Coarray Object Interface - omni-compiler/omni-compiler GitHub Wiki

Contents

Object Interface Specifications

  1. Introduction
  2. Initialization of Static Coarrays
  3. Allocation/deallocation of Allocatable Coarrays
  4. PUT and GET Communications
  5. Synchronizations
  6. Inquire Functions
  7. Internal functions

1. Introduction

1.1 Terms

registration

Recording the address and size of a data object to the communication library. The registration is collective and may contain pin-down memory, acquirement of the global address, sharing information among all images, etc.
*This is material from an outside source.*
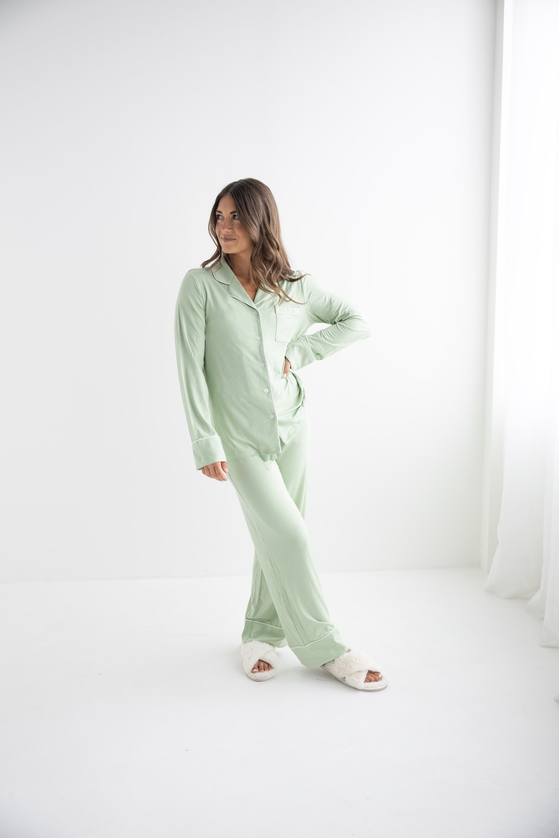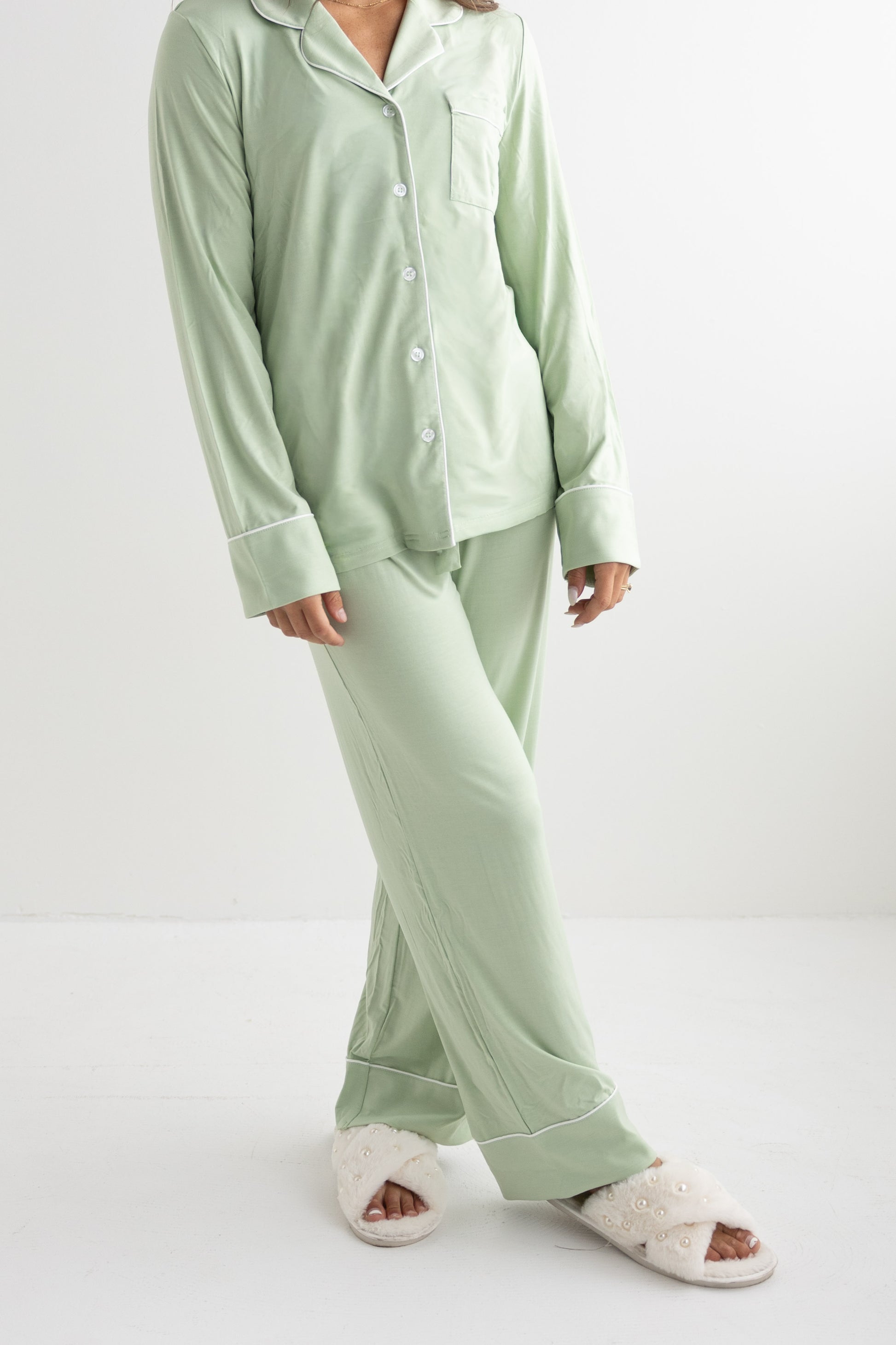 Made from sustainable bamboo fabric, our pajama sets are not only gentle on your skin but also on the environment. The luxurious feel of bamboo material adds a touch of luxury to your bedtime routine. Treat yourself or a loved one to a good night's sleep in our irresistibly soft and stylish pajama sets. Stilla Sets will be sure to become your go-to favorites for a cozy night in.

After the registration, the data is allowed to be accessed from the other images.

Chunk

Memory area that contains one or more coarray data objects. To keep 8-byte (or another) memory alignment, the Chunk may contain extra data at the tail of each data object. A Chunk is shared from the Memory Pool or is allocated and registered by the libraries, depending on the memory manager.

Static Chunk

The Chunk that contains small static coarrays and is shared from the Memory Pool.

Memory Pool

The memory area that is allocated and registered before the program execution. It contains the communication buffer localBuf, a small system area, and an optional Static Chunk.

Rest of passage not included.